What is needed → Reproduce the listing in full, pictures excluded.

Information supplied →
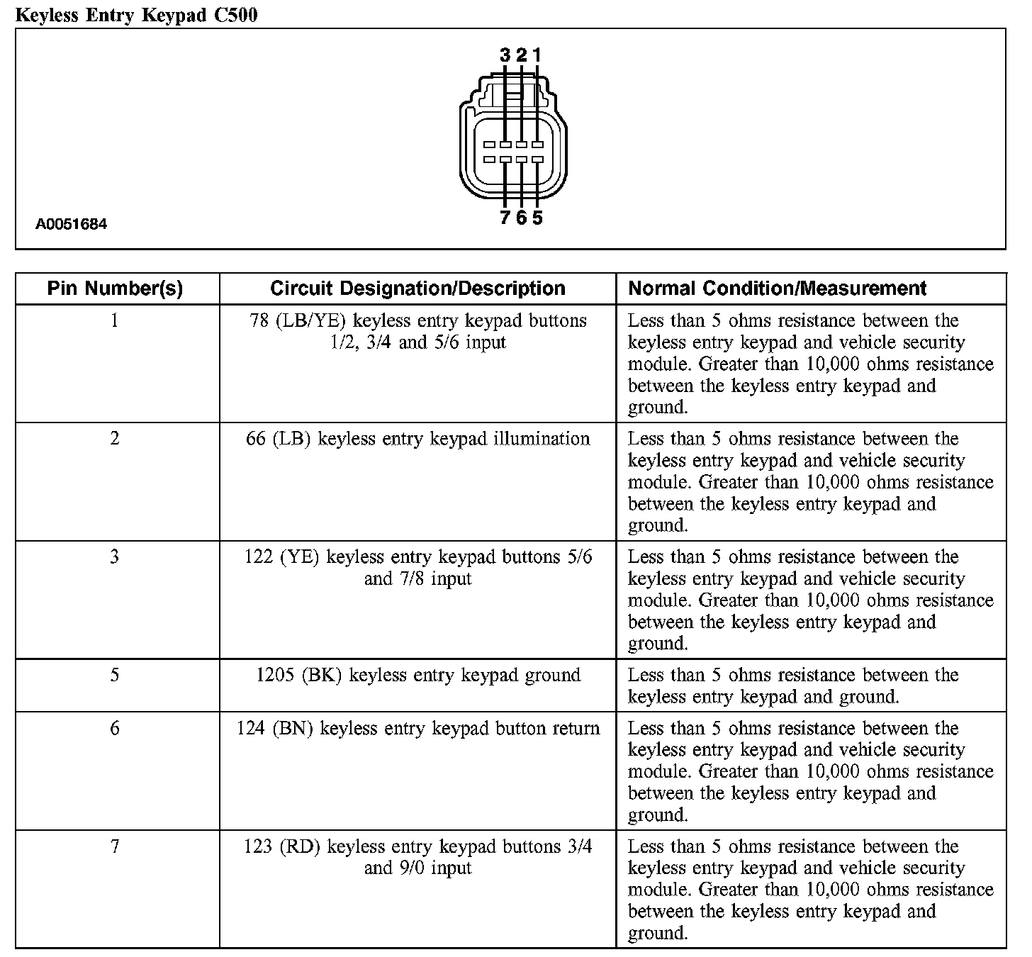 Keyless Entry Keypad C500:
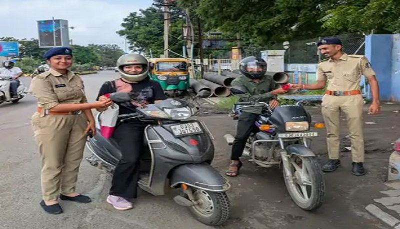 રાજકોટમાં બીજા દિવસે પોલીસની ડ્રાઈવ, પોલીસે હેલ્મેટધારી ચાલકોને ગુલાબના ફુલ આપ્યાં
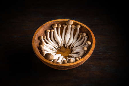 brown beech mushroom on wooden table-Still Life

Expected output →
 Keyless Entry Keypad C500:
 રાજકોટમાં બીજા દિવસે પોલીસની ડ્રાઈવ, પોલીસે હેલ્મેટધારી ચાલકોને ગુલાબના ફુલ આપ્યાં
 brown beech mushroom on wooden table-Still Life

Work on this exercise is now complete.